Вот несколько таких рассказов, записанных самими детьми или — с их слов — воспитателями.

«Мама моя умерла в больнице. Папа умер тоже. Брат в Красной Армии. Когда я остался один, мне жить стало очень плохо». (Мальчик десяти лет.)

«В 1936 году в геологоразведывательной экспедиции погиб мой папа — инженер, и я осталась с мамой жить одна. Зимой 1942 года умерла моя мама. Мне было очень тяжело, и я осталась у тети. Теперь она ушла в Красную Армию, и я снова осталась одна во всем городе». (Девочка одиннадцати лет.)

«Папа работал на заводе, мама ухаживала дома за маленькой сестренкой, я училась в школе и окончила пять классов. Война застала меня в деревне на отдыхе, я вернулась в Ленинград. С января начался голод, папа ослабел и 16 января умер от истощения. Мы с мамой на саночках свезли его на кладбище. После папиной смерти были перебои с хлебом, нам пришлось три дня просидеть на одной дуранде. Мы все очень истощились. Мама и сестренка не могли вставать с кровати. Мне пришлось два месяца ухаживать за ними. Вставала я в шесть часов утра, ходила за хлебом, топила чугунку бумагой, дров у нас не было. За водой нужно было ходить очень далеко. Заканчивала я свою работу в двенадцать часов вечера и засыпала сразу, как убитая. Ночью приходилось часто вставать и приготовлять маме грелки. Проболев два месяца, мама умерла 29 марта, и я отвезла ее в морг. Теперь я осталась одна со своей маленькой сестренкой». (Нина Петрова, четырнадцати лет.)

«Я вспомнил, как у нас мама умерла. Мне жалко ее. Она ушла рано утром за хлебом и целый день до ночи не возвращалась, а дома было холодно, мы лежали в кровати вместе с братом и все слушали, не придет ли мама. Как только хлопала дверь, так мы думали, что это наша мамочка идет. Стало темно, а мама наша все не шла, а когда она вошла, то упала на пол. Я испугался, побежал воды просить у соседей. Они не дали воды, воду трудно было привозить. Я побежал через дом и там достал воды. Дал маме, а она не пьет. Я ее на кровать притащил, она была очень тяжелая, а потом соседка сказала, что она умерла. Я так испугался, что даже не плакал». (Эрик, шести лет.)
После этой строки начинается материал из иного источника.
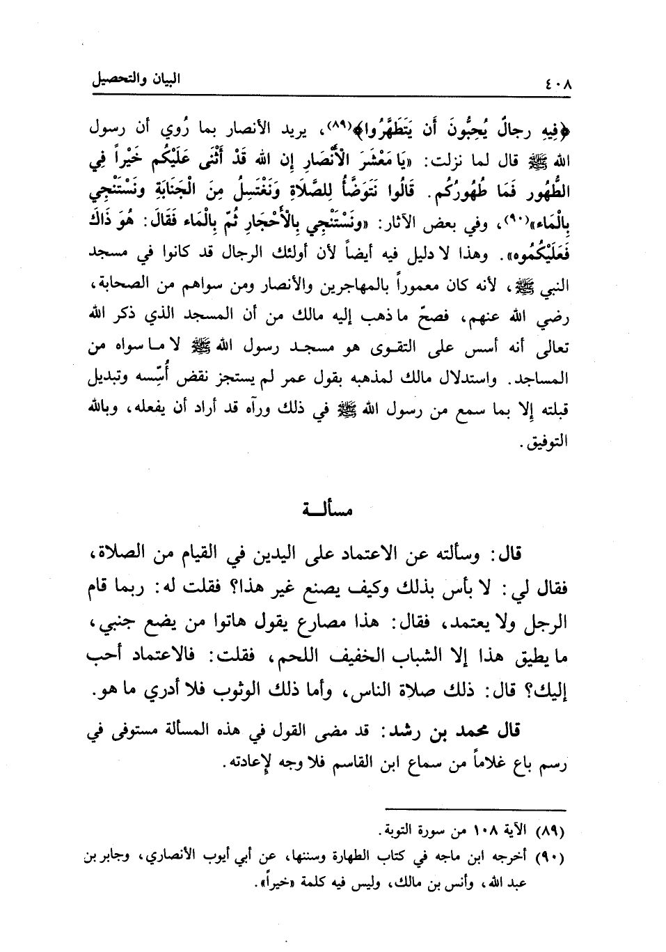 {فِيهِ رِجَالٌ يُحِبُّونَ أَنْ يَتَطَهَّرُوا} [التوبة: 108] ، يريد الأنصار بما روي «أن رسول الله - صَلَّى اللَّهُ عَلَيْهِ وَسَلَّمَ - قال لما نزلت: "يا معشر الأنصار، إن الله قد أثنى عليكم خيرا في الطهور فما طهوركم، قالوا: نتوضأ للصلاة، ونغتسل من الجنابة، ونستنجي بالماء» ، وفي بعض الآثار: «ونستنجي بالأحجار ثم بالماء، فقال: هو ذاك فعليكموه» . وهذا لا دليل فيه أيضا؛ لأن أولئك الرجال قد كانوا في مسجد النبي - صَلَّى اللَّهُ عَلَيْهِ وَسَلَّمَ - لأنه كان معمورا بالمهاجرين والأنصار ومن سواهم من الصحابة - رَضِيَ اللَّهُ عَنْهُمْ -، فصح ما ذهب إليه مالك من أن المسجد الذي ذكر الله تعالى أنه أسس على التقوى هو مسجد رسول الله - صَلَّى اللَّهُ عَلَيْهِ وَسَلَّمَ - لا ما سواه من المساجد، واستدلال مالك لمذهبه بقول عمر لم يستجز نقض أسسه وتبديل قبلته إلا بما سمع من رسول الله - صَلَّى اللَّهُ عَلَيْهِ وَسَلَّمَ - في ذلك ورآه قد أراد أن يفعله، وبالله التوفيق.

«Папу своего я не помню. Я постоянно жила с мамой. Мама работала, и я еще маленькой девочкой оставалась одна дома. Я очень любила свою маму. Мне все хотелось ей сделать что-нибудь хорошее. Я видела, как чисто мама в свободное время убирает комнату, и я решила помогать ей. Так я лет с шести стала мыть посуду и убирать комнату. Когда мама усталая приходила и видела все это, ее благодарная улыбка и поцелуй так вознаграждали меня! Ах, как я любила свою маму! И мы были дружны. Я никуда не ходила, когда мама была дома. Мама делилась со мной всем — и радостью и горем, мы все делили пополам. Но вот со мной случилось большое несчастье: у меня вытащили карточки. Это было в магазине. Мама ни словом не упрекнула меня, наоборот, начала утешать, но я видела, как изменилось ее лицо. У мамы была карточка служащей, у меня — иждивенческая. Мама как-то что-то доставала, но почти все отдавала мне. Я не хотела брать, но брала и ела, а мама голодала. Я видела, как она сначала все худела, а потом начала пухнуть. Она уже не вставала с постели, мы спали с ней на одной кровати. Однажды ночью я проснулась. Было тихо. Мне стало страшно. Мама лежала рядом такая молчаливая, страшная. Слегка светила луна. „Мама!“ — тихо позвала я ее. Она молчит. Я протянула руку, а она уже холодная. (У нее было слабое сердце, и она умерла внезапно.) Я никому ничего не сказала, так и лежала с мертвой мамой до самого утра, все не веря в ее смерть, все не представляя, что у меня нет больше мамы. Что было дальше — не помню. Я сильно заболела сама. Потом меня доставили в приемник». (Рита Бельман.)